◆ Prompt
The whole listing is to be restated word for word with no images.

◆ Raw data
========================================================================

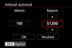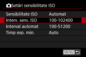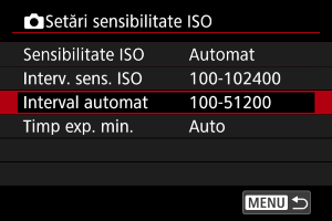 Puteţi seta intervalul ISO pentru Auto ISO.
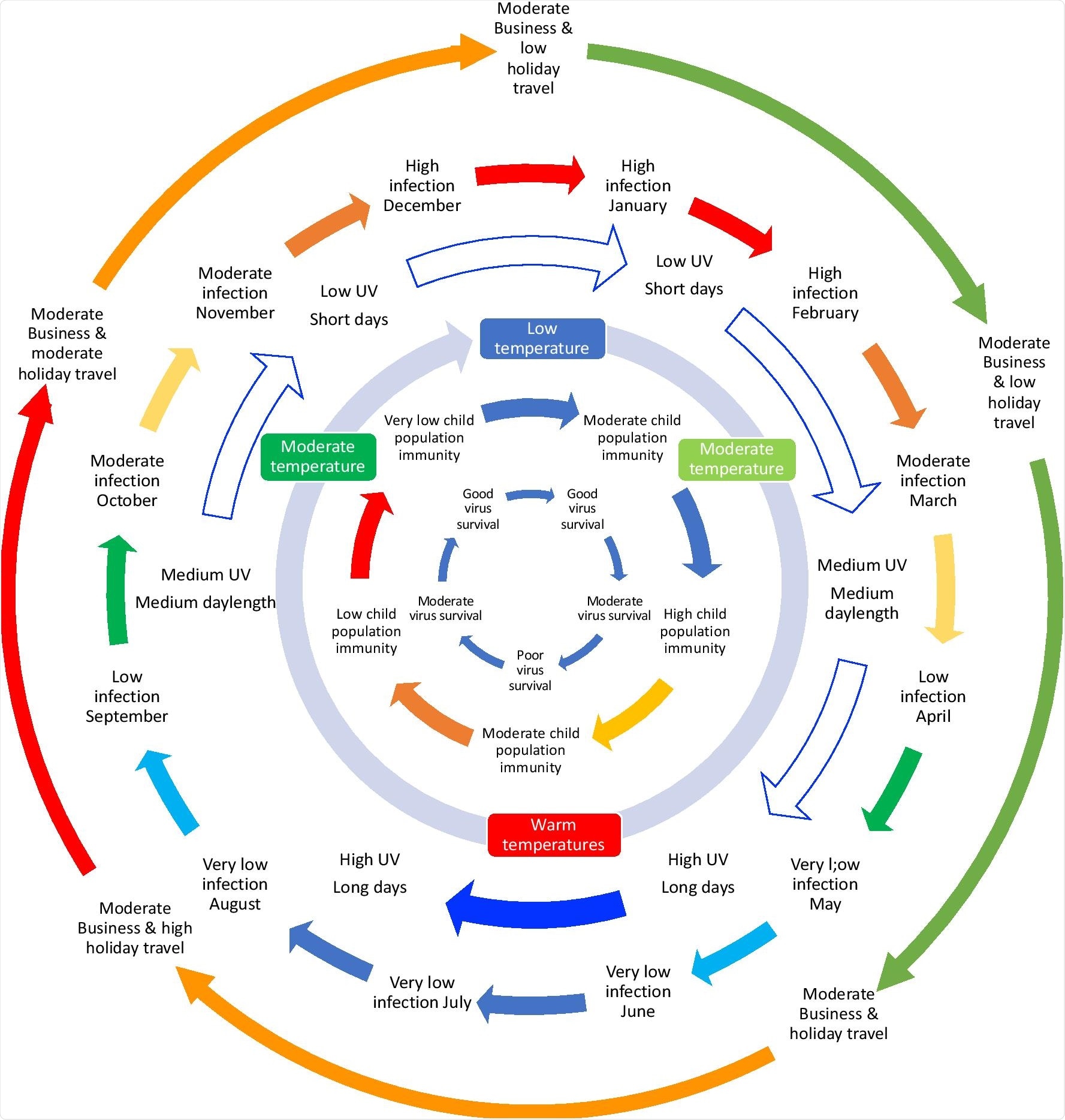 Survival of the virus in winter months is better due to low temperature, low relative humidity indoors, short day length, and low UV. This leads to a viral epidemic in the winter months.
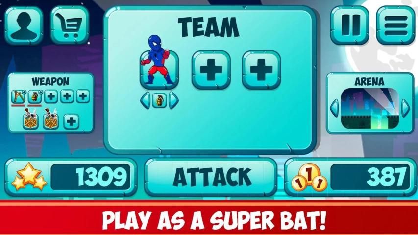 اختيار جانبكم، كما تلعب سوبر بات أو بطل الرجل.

========================================================================

◆ Written solution
 Puteţi seta intervalul ISO pentru Auto ISO.
 Survival of the virus in winter months is better due to low temperature, low relative humidity indoors, short day length, and low UV. This leads to a viral epidemic in the winter months.
 اختيار جانبكم، كما تلعب سوبر بات أو بطل الرجل.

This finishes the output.